4. Code Generation (smolagents Integration)

4.1 Code Agents

Code Agents are a core feature of smolagents, enabling agents to generate and execute Python code to perform actions. This approach offers greater flexibility and efficiency compared to traditional JSON-based tool calls, reducing the number of steps required to complete tasks and improving performance on complex benchmarks.

Code Generation Process

The code generation process involves the following steps:

  1. Task Analysis: The agent analyzes the task and identifies the tools and operations required to solve it.
  2. Code Generation: The agent generates Python code to perform the identified operations.
  3. Code Execution: The generated code is executed in a secure environment (local or sandboxed).
  4. Result Handling: The results of the code execution are returned to the agent for further processing.

Example: Code Agent Workflow

+-------------------+       +-------------------+       +-------------------+
|   Task Input      | ----> |   Code Generation | ----> |   Code Execution  |
+-------------------+       +-------------------+       +-------------------+
        |                         |                         |
        v                         v                         v
+-------------------+       +-------------------+       +-------------------+
|   LLM Engine      |       |   Code Validation |       |   Result Output   |
+-------------------+       +-------------------+       +-------------------+

4.2 Tool Integration

smolagents supports integration with a wide range of tools, including web search APIs, image generation APIs, and custom APIs. These tools are exposed to the agent as Python functions, enabling seamless integration into generated code.

+-------------------+       +-------------------+       +-------------------+
|   Task Input      | ----> |   Tool Selection  | ----> |   Code Generation |
+-------------------+       +-------------------+       +-------------------+
        |                         |                         |
        v                         v                         v
+-------------------+       +-------------------+       +-------------------+
|   Tool Registry   |       |   Tool Execution  |       |   Result Output   |
+-------------------+       +-------------------+       +-------------------+

4.3 Security and Sandboxing

To ensure safe execution of generated code, smolagents provides security mechanisms such as restricted imports and sandboxed environments. This prevents malicious behavior and protects the host system.

Local Python Interpreter

The local interpreter executes code with restricted imports and capped operations to prevent unauthorized access to system resources.

Example: Restricted Imports

# Allowed imports
import math
import json

# Blocked imports
import os  # Raises SecurityError

E2B Sandbox

The E2B sandbox runs code in an isolated container, providing maximum security. This is ideal for executing untrusted code or code that requires access to external resources.

4.4 Managed Agents

smolagents supports multi-agent systems through the ManagedAgent class, enabling hierarchical coordination of agents. A manager agent can coordinate the actions of subordinate agents, each specializing in a specific sub-task.

Managed Agent Workflow

  1. Task Delegation: The manager agent delegates sub-tasks to subordinate agents.
  2. Sub-Task Execution: Each subordinate agent generates and executes code to perform its assigned sub-task.
  3. Result Aggregation: The manager agent aggregates the results from subordinate agents and returns the final output.

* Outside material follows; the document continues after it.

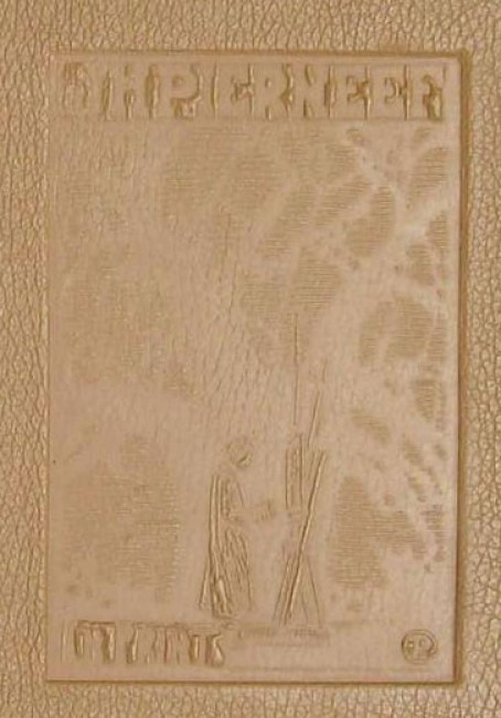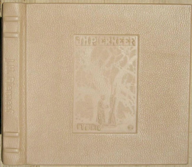 Bound in full light brown leather that has the title blind stamped on the spine and a Pierneef design blind stamped on the upper board.

Example: Multi-Agent Workflow

+-------------------+       +-------------------+       +-------------------+
|   Task Input      | ----> |   Manager Agent   | ----> |   Sub-Agent 1     |
+-------------------+       +-------------------+       +-------------------+
        |                         |                         |
        v                         v                         v
+-------------------+       +-------------------+       +-------------------+
|   Result Output   | <---- |   Sub-Agent 2     | <---- |   Sub-Agent 3     |
+-------------------+       +-------------------+       +-------------------+

5. Agent Coordination and Communication

5.1 Multi-Agent Systems

Multi-agent systems involve multiple agents collaborating to solve complex tasks. Each agent specializes in a specific sub-task, improving efficiency and reducing the cognitive load on individual agents. The integration of smolagents and Chidori provides a robust framework for building and managing such systems.

Key Concepts

  • Specialization: Each agent is designed to perform a specific function (e.g., web search, data processing).
  • Coordination: A manager agent coordinates the actions of subordinate agents, ensuring that sub-tasks are executed in the correct order.
  • Communication: Agents communicate through message passing or shared memory, enabling them to exchange data and results.

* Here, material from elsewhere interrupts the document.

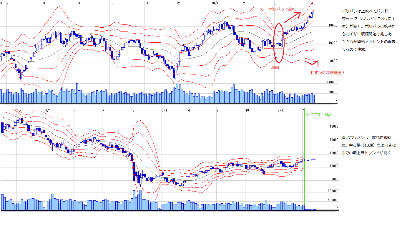 2010/04/04 - 月とスッポンさんの株式ブログ。タイトル:「来週のチャートポイント①」 本文:☆トレンドライン、ファンライン(画像1) ☆週足移動平均線(画像2) ☆ボリバン(画像3) ボリバンの収縮についてはこちら

5.2 smolagents Multi-Agent Workflow

smolagents supports multi-agent systems through the ManagedAgent class, which enables hierarchical coordination of agents. A manager agent delegates sub-tasks to subordinate agents and aggregates their results.

Managed Agent Workflow

  1. Task Delegation: The manager agent analyzes the task and delegates sub-tasks to subordinate agents.
  2. Sub-Task Execution: Each subordinate agent generates and executes code to perform its assigned sub-task.
  3. Result Aggregation: The manager agent collects the results from subordinate agents and returns the final output.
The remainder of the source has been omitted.